Storing Array Metadata


#1

Besides the data stored in the cells of the array, there is metadata associated with the array and not with the individual cells. I wonder what is the best way to store this metadata.

For example, assume that an instrument generates a matrix of 1000x500 intensities. Besides this intensities matrix, there are instrument settings used to do the measuring like power and wavelength. What is the best way to store such metadata?


Here are some possible options:

1. Additional Dimensions

One could create an array with four dimensions, two for the 1000x500 intensities matrix and one for each of the metadata values (power and wavelength), like this:

CREATE ARRAY data<intensity: double>
  [i=1:1000,1000,0, j=1:500,500,0, power=1:100,100,0, wavelen=1:1000,1000,0]

This might work best, but it would generate a large number of dimensions if there are a lot of metadata values. Also, this might get complex if the additional dimensions cannot be easily mapped to integer values.

2. Additional Attributes

Another approach would be to store the metadata as additional attributes in each cell, like this:

CREATE ARRAY data<intensity: double, power: int8, wavelen: int8>
  [i=1:1000,1000,0, j=1:500,500,0]

This can easily accommodate for metadata for different types, but would create a lot of duplicate data since an array instance will have the same power and wavelen in every cell.

3. Additional Array

The metadata can be stored an an additional array which as a 1:1 mapping to the data array, like this:

CREATE ARRAY metadata<power: int8, wavelen: int8>
  [data_id=0:*,1000,0]

This would probably be the simplest way but would require joins to retrieve the metadata.

4. Nested Arrays

Maybe the cleanest approach would be to have a nested array as mentioned in The architecture of SciDB, where the data array would have three attributes (1000x500 matrix for intensities, power and wavelen) and a single dimension. I am not sure what are the plans for adding nested arrays to SciDB.


In the past, this has been briefly discussed here:


#2

The short answer to your question is that there is no short answer to your question.

:wink:

But let me try to help out with some observations:

  1. The “meta-data in attributes” strategy? I wouldn’t worry about the data duplication. At least not if what you’re worried about is increasing the volume of physical data you’re storing. At the physical level SciDB will encode and compress the heck out of that kind of data.

  2. We didn’t go with nested arrays mostly because of lessons from the SQL / relational world, where first normal form has proved itself a very durable. The problem with “nested” arrays (like nested tables) is that it complicates the query language, optimization problem, and physical plan design without improving performance at all. If you think about it, adding a dimension is (more or less) the sam as nested arrays.
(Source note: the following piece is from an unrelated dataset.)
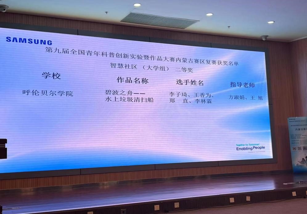 5月21日,第九届全国青年科普创新实验暨作品大赛内蒙古赛区复赛在呼和浩特市内蒙古科技馆举行。该项比赛由内蒙古自治区科协、自治区教育厅主办,共有2203组队伍,4592名选手报名参赛。经过初赛,共10件作品进入智慧社区(大学组)复赛。公司365英国上市公司教师方淑娟、王旭指导的参赛作品《碧波之洲---水上垃圾清扫船》突出重围,成功进入复赛,并荣获二等奖。

  3. Don’t worry about the cost of the joins. In general, the costs of the data manipulation work–whatever else it is you want to do with the data–generally dominates things. One problem, of course, is that expressing joins are a bit complex in SciDB’s query languages. But don’t let that hold you back (we’re looking at how we can fix that).

TL;DR version … SciDB is a DBMS, which means that schema design is an important aspect of using SciDB. Schema design is all about combining “data” and “meta-data” into a single, query-able database.